Got out yesterday afternoon for a spur of the moment ride, Randi was going to hang out with a friend and I asked her to drop me off somewhere so I could ride the Metacomet trail, or my ‘backyard’ trail as I call it and do some exploring. Up until yesterday I had only ever ridden this trail from my house to the CT line on what I call section #1 & #2 of the trail. My usual ride is on section #1 from my house to Rt57 and then back. A couple of times I have crossed Rt57 and ridden the trail to the CT state line and then back home. Talking with my local trail guru, I learned where section #3 of the trail ends, so I decided to start my ride from the end of section #3 in Suffield CT and ride back home. 

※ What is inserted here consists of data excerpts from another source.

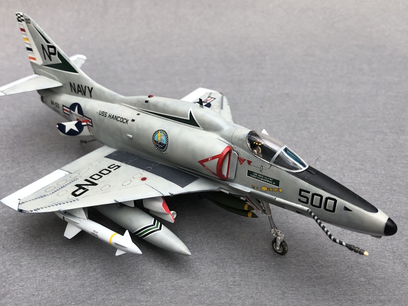デカールが新しくなって再販されたものです。M型と比べるとキャノピーがかなり小型ですね。金型が古いので細かなパーツのバリは否めませんが完成してしまえばブサかわいいスカイホークが出来上がります。主翼上面の楕円形のハッチを描くのに苦労しました。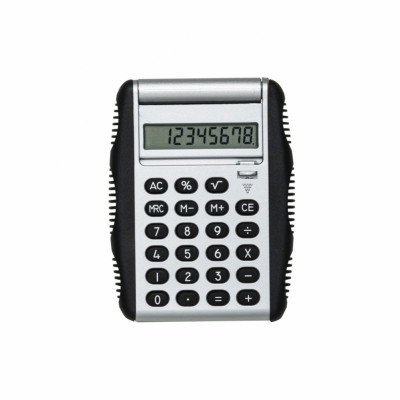 Calculadora plástica de 8 dígitos com bordas emborrachadas em relevo. Possui compartimento flexível, basta puxar "botão" para baixo que a tampa protetora irá levantar e servirá de apoio, acompanha uma bateria AG10.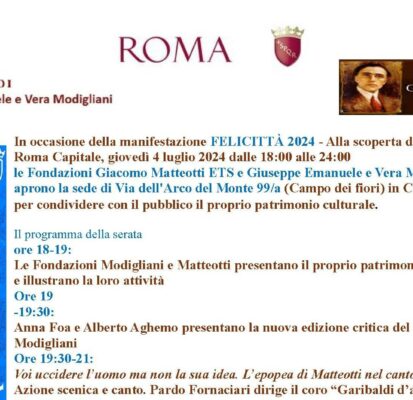 In occasione di FELICITTÀ 2024, le Fondazioni Giacomo Matteotti e Giuseppe Emanuele e Vera Modigliani ESSMOI hanno aperto le porte ai visitatori e presentato il proprio patrimonio culturale

This new section of trail was pretty nice, very rocky / technical double track in spots and some nice technical single track. Seeing how I was riding alone and the rocky trails were slick I choose to take it easy, but there were some nice DH sections that could be a lot of fun next time. The trail was blazed very well and I followed it for several miles until it ended in a large field that is someone’s back yard with a large no trespassing sign. Talking with my local trail guru last night it turns out the trail used to run through this field and hooked directly up to section #2 of the trail on the CT line by crossing the road. The new property owner doesn’t want anyone crossing their property anymore. So know I had to back track and I was on the look out for a trail to the west that would take me out to the road I was riding parallel to. I eventually found one that had recently been ridden by some horses and followed the hoof prints and ended up on the road. From there I road about ½ mile on the road over the CT line to the next section of trail.

Section #2 of the trail that goes from the CT line to Rt57 has seen better days. Since I rode it last years it has taken a beating from ATV’s that are not supposed to ride it. Somewhere along the way the white blazes I was following stopped and a set of blue blazes started so I followed them. Very quickly I realized I was lost but kept following the blue blazes. I ended up in a residential area and asked a guy mowing his lawn where I was. Turned out I was in Agawam and way off course. From there I had to ride several miles on the road to get back to the spot where the trail intersected Rt57. If you look at the GPS track you can see where I kind of take a hard right about mid way, I should have gone straight.

It was hot, muggy and I was really tired at this point and now had to ride that last section of trail which is by far the most technical. It also has quite a bit of climbing. Even though I was really tired I managed to clean 2 climbs that I have never made before heading in that direction. The new bike has really made me a much better climber. I rode this section pretty slow and played around on some rock features here and there. Finally made it back to the house, had a couple of fudgsicles and pretty much passed out.


----------



## GrilledSteezeSandwich (May 10, 2009)

wow..a two state ride..one of these days I'm riding over to Jersey..


----------



## RootDKJ (May 11, 2009)

GrilledSteezeSandwich said:


> wow..a two state ride..one of these days I'm riding over to Jersey..


see you on the other side...


----------



## GrilledSteezeSandwich (May 11, 2009)

RootDKJ said:


> see you on the other side...



ahahaha


----------